2002 Rydell Professorship

Featuring Lawrence Levine 

David Sedlak

Lawrence Levine is an American historian. He is noted for promoting multiculturalism and the perspectives of ordinary people in the study of history. He taught at University of California at Berkeley and George Mason University, he received a Macarthur Fellow, was president of the Organization of American historians, and recipient of the American Historical Association's Award for Scholarly Distinction.

At Berkeley he earned a reputation as one of the leading figures in American history and a pioneer in the field of cultural history.
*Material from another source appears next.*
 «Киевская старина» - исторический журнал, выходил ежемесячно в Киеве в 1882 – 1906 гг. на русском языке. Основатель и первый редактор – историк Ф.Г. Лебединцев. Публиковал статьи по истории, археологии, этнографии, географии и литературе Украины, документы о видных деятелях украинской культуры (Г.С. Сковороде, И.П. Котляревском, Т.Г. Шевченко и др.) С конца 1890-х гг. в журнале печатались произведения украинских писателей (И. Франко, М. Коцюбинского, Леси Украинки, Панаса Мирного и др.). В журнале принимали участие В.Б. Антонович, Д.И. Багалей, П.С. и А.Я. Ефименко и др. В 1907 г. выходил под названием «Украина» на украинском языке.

His notable publications include Black Culture and Black Consciousness, Highbrow/Lowbrow, The Unpredictable Past, The Opening of the American Mind and The People and the President.
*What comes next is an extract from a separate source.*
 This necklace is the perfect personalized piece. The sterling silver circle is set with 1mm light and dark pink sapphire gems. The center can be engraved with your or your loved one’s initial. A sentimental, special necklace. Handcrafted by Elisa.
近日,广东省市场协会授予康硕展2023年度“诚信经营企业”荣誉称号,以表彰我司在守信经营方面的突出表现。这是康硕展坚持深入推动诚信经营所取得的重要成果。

Levine retired from Berkeley in 1994 as Margaret Byrne Professor of History. In that same year he began teaching as professor of history and cultural studies at George Mason University. 

During his residency, Levine gave two presentations. The first presentation was "FDR, the Fireside Chats, and the American People." He also held a book discussion on "The Openings of the Open Mind." 

The Rydell Professorship at Gustavus is a scholar-in-residence program designed to bring Nobel laureates, Nobel Conference lecturers, and similarly distinguished scholars to campus as catalyst for enhancing learning and teaching. It was established in 1995 by Drs. Robert E. and Susan T. Rydell of Minnetonka, Minnesota, to give students the opportunity to learn from and interact with leading scholars.